[TASK PROMPT]: Only one part of the listing is needed: the lines from the one with "Kamizelka z obszyciem" through the last line, copied exactly and free of pictures.

[PROVIDED MATERIAL]:
*** Begin section ***
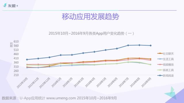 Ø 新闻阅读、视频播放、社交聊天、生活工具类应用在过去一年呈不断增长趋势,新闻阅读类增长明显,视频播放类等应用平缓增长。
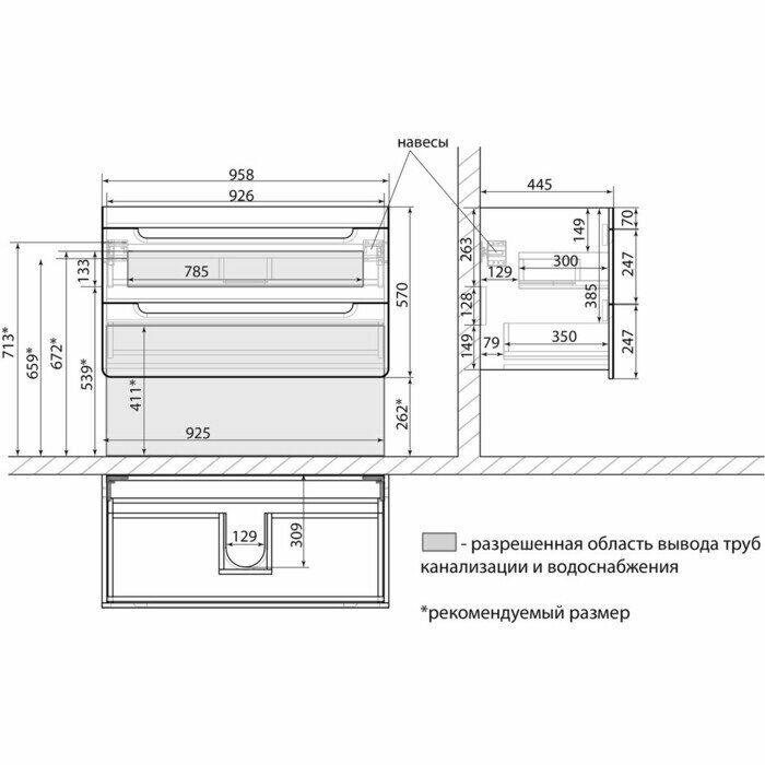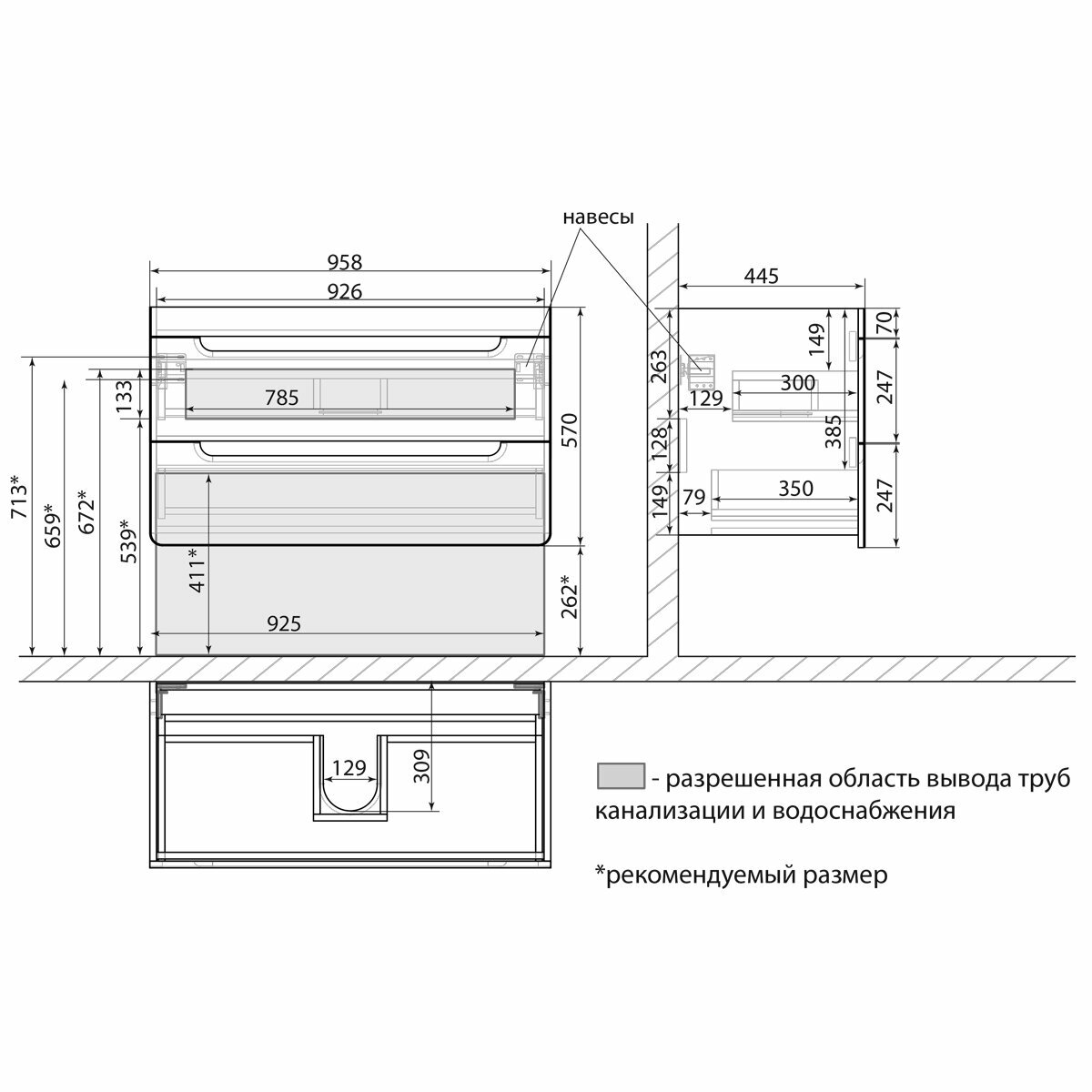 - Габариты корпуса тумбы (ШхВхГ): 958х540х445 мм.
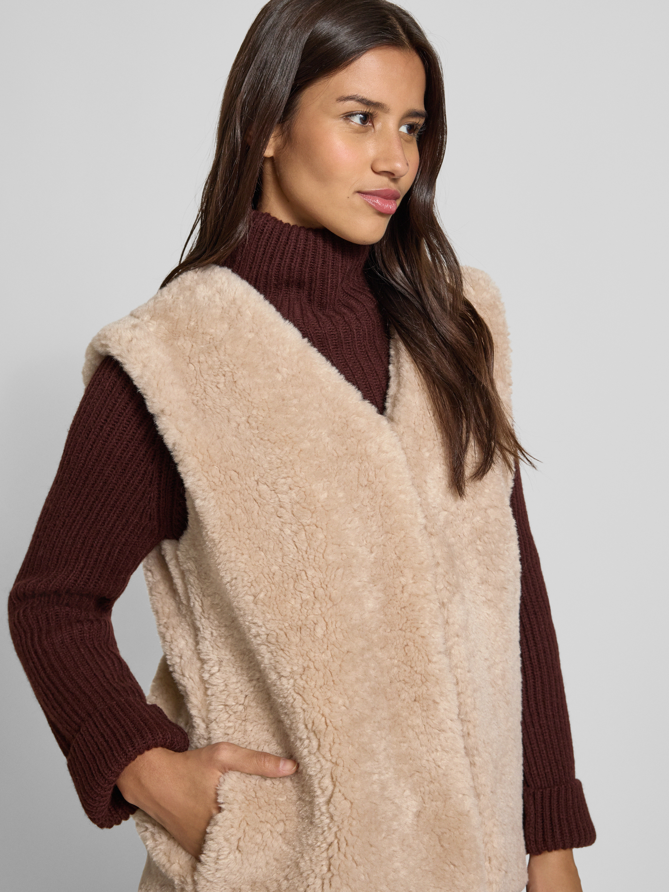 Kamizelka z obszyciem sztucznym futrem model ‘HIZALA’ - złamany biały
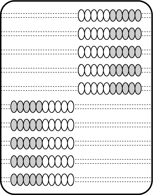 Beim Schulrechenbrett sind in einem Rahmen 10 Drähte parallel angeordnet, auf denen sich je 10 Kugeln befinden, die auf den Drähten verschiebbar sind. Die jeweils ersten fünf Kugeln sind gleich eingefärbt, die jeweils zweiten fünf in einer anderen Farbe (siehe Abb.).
*** End section ***
[RESPONSE FOR THIS EXERCISE]:
 Kamizelka z obszyciem sztucznym futrem model ‘HIZALA’ - złamany biały
 Beim Schulrechenbrett sind in einem Rahmen 10 Drähte parallel angeordnet, auf denen sich je 10 Kugeln befinden, die auf den Drähten verschiebbar sind. Die jeweils ersten fünf Kugeln sind gleich eingefärbt, die jeweils zweiten fünf in einer anderen Farbe (siehe Abb.).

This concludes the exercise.